• [Input data]
◆ ◆ ◆
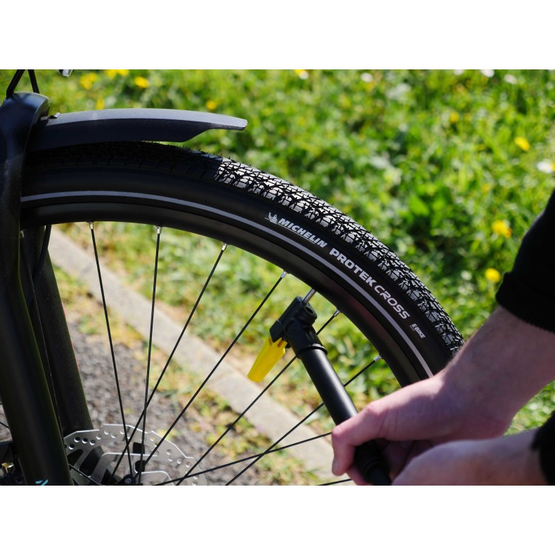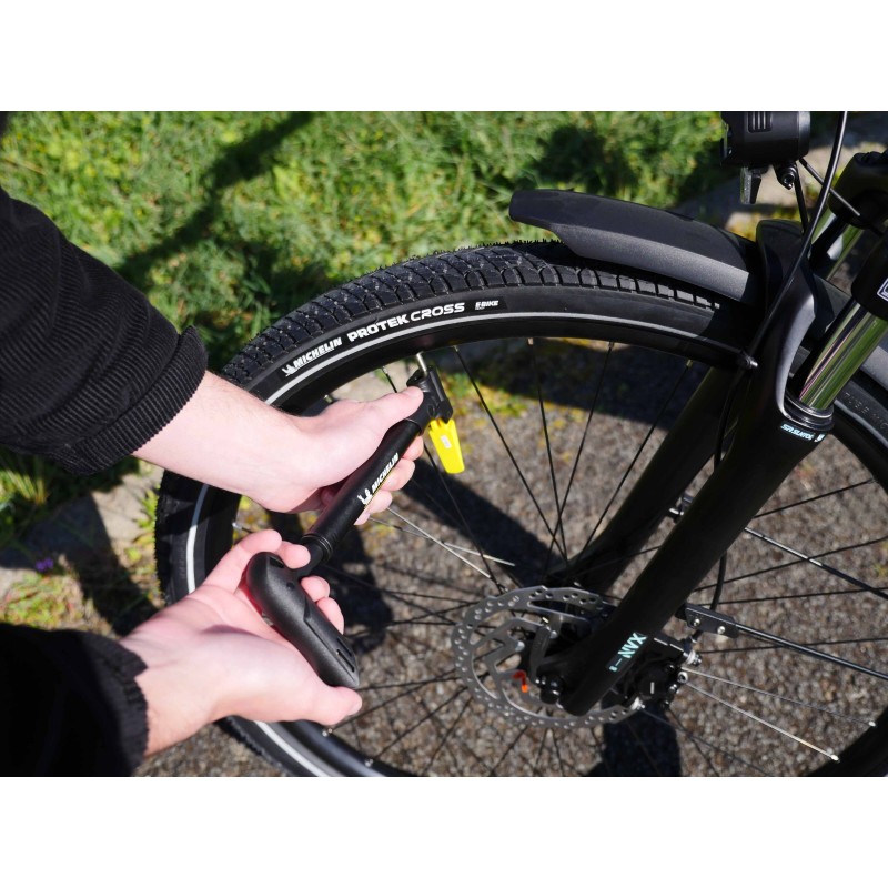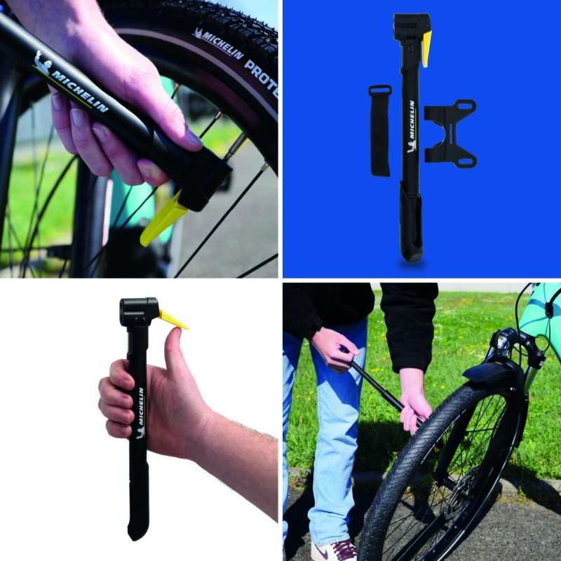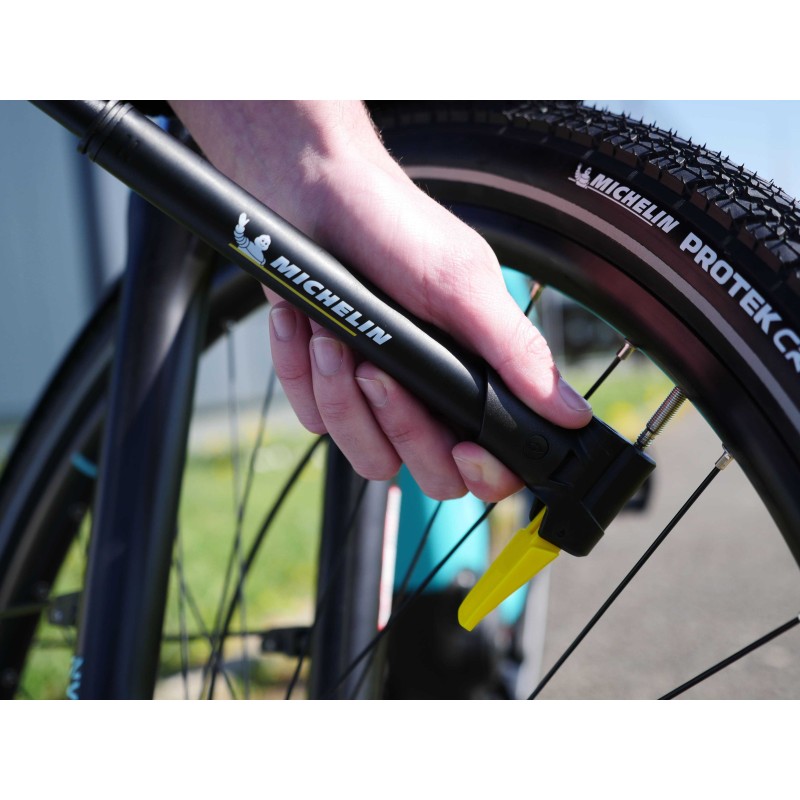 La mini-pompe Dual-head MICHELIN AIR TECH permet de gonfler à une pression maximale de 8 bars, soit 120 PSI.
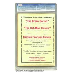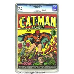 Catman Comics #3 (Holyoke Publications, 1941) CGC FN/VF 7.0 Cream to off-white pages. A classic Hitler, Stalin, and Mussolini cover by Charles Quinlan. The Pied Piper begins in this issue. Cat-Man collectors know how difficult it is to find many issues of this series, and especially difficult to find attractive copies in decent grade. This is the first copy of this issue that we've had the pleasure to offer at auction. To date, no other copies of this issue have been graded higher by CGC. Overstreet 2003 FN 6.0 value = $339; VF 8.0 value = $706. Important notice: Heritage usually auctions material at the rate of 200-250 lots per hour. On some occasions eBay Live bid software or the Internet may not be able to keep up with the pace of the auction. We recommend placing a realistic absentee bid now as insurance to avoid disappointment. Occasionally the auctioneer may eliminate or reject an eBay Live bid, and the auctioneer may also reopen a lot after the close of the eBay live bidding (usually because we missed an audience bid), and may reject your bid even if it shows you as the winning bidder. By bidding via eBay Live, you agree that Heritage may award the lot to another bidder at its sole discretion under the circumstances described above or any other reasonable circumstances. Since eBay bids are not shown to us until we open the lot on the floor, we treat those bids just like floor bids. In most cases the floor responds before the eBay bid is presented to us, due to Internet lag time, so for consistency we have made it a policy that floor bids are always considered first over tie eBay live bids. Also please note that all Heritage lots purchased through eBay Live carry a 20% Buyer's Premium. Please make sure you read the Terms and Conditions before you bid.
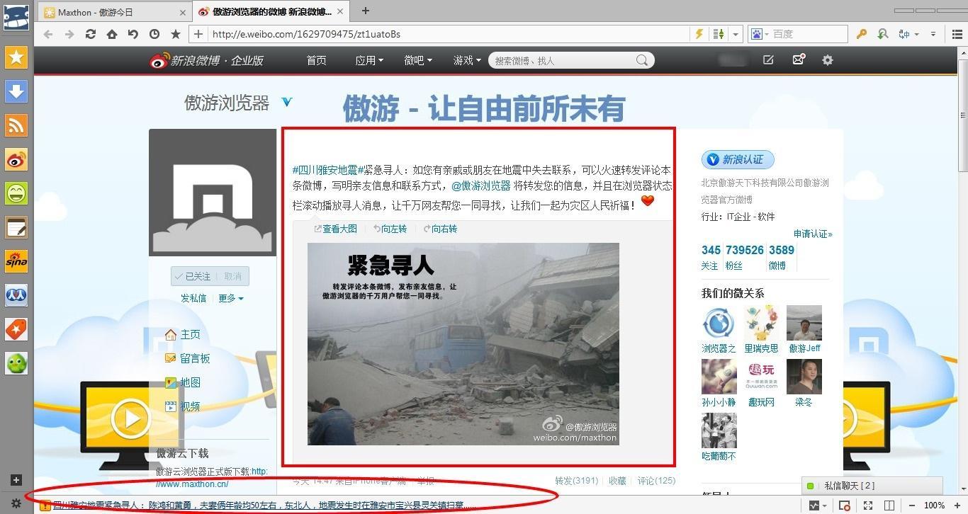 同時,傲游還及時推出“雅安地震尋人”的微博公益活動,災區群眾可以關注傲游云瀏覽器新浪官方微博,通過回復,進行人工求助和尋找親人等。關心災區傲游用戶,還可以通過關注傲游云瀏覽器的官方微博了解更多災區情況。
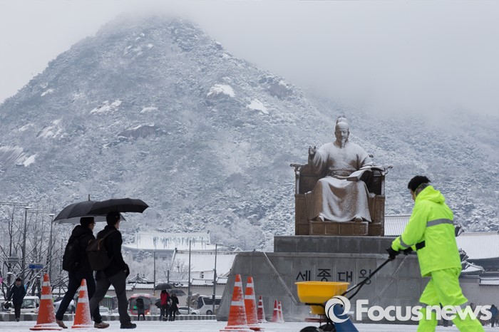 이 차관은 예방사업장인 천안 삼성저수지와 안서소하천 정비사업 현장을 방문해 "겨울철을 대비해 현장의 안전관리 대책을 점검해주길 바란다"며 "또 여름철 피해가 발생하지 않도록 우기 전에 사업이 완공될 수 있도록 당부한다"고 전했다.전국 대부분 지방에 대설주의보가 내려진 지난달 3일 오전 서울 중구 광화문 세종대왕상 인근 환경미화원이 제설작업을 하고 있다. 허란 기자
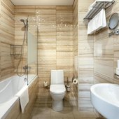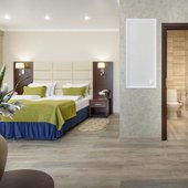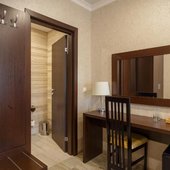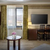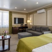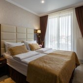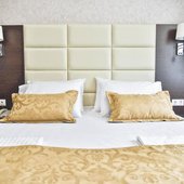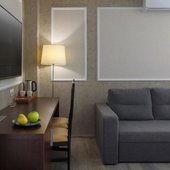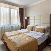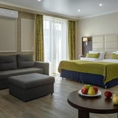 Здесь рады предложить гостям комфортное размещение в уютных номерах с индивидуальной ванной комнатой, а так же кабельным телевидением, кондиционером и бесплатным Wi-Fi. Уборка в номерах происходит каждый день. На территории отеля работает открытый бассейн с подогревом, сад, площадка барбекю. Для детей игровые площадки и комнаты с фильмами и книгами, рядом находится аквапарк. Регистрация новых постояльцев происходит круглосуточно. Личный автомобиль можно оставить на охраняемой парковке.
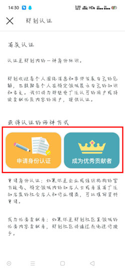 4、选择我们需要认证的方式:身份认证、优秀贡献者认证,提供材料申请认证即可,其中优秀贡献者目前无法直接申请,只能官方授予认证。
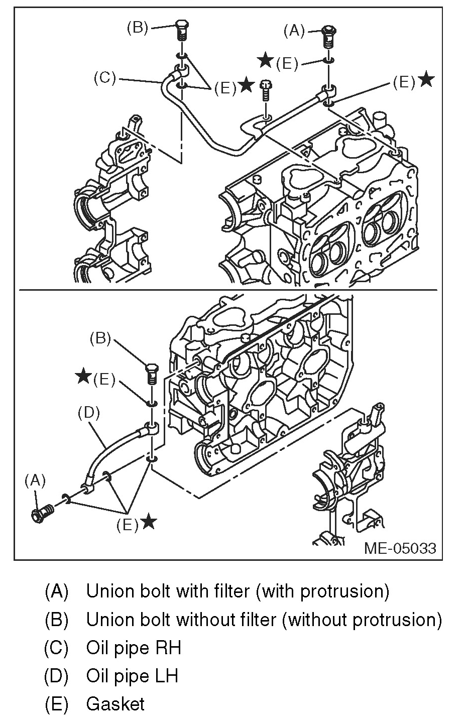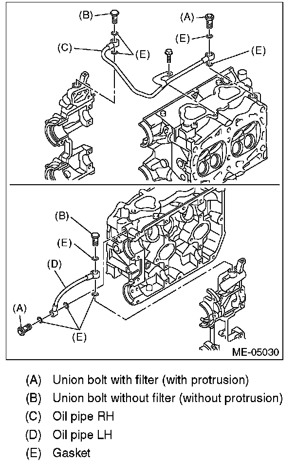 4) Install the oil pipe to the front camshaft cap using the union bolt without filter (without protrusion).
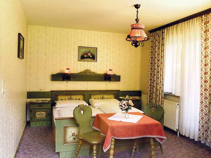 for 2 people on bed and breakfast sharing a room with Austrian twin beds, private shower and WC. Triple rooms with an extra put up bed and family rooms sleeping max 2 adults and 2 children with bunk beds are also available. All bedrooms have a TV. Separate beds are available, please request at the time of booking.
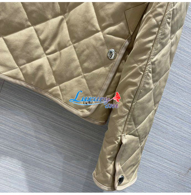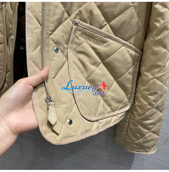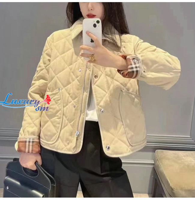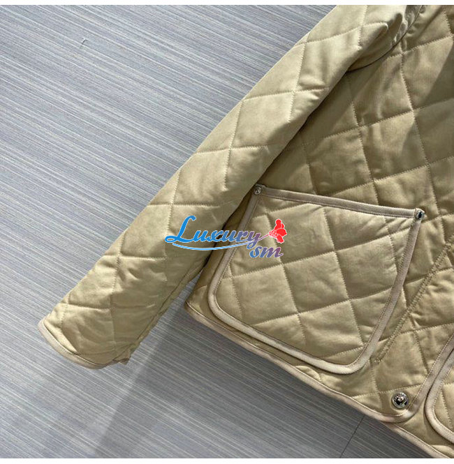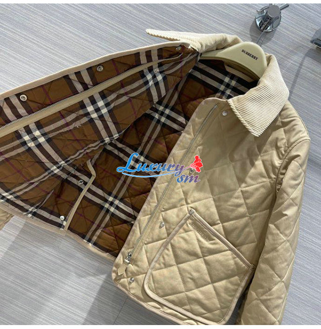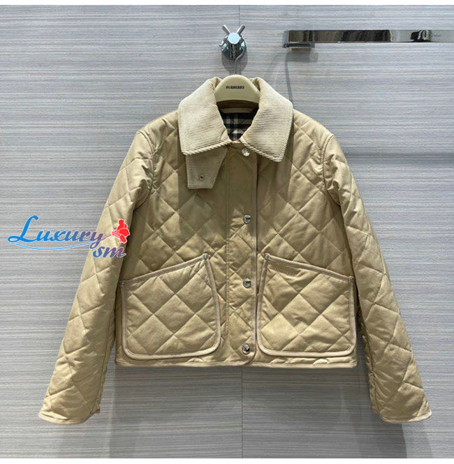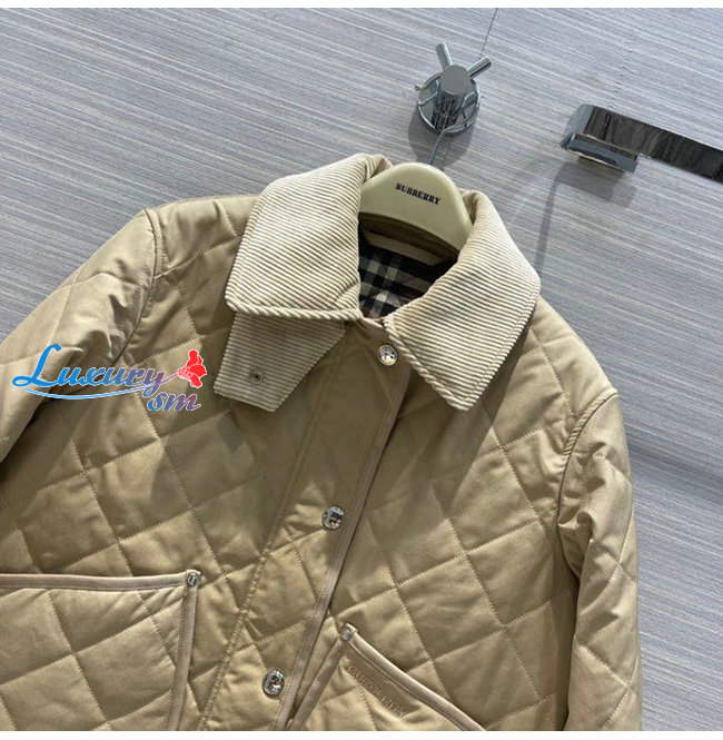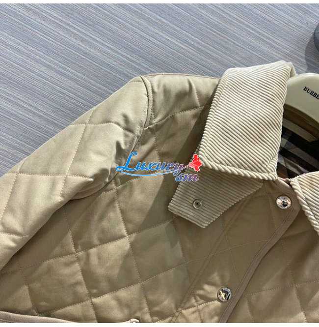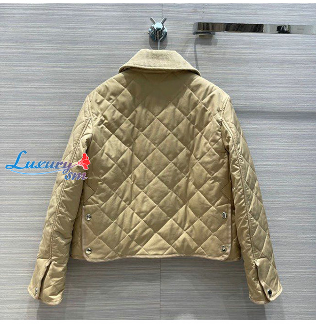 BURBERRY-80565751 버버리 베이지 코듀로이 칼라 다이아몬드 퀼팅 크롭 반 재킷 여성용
◆ ◆ ◆
• [Exercise details]
The line containing "4) Install the" and each line after it through the end of the listing above are to be written out exactly, without the pictures.

• [Answer section]
 4) Install the oil pipe to the front camshaft cap using the union bolt without filter (without protrusion).
 for 2 people on bed and breakfast sharing a room with Austrian twin beds, private shower and WC. Triple rooms with an extra put up bed and family rooms sleeping max 2 adults and 2 children with bunk beds are also available. All bedrooms have a TV. Separate beds are available, please request at the time of booking.
 BURBERRY-80565751 버버리 베이지 코듀로이 칼라 다이아몬드 퀼팅 크롭 반 재킷 여성용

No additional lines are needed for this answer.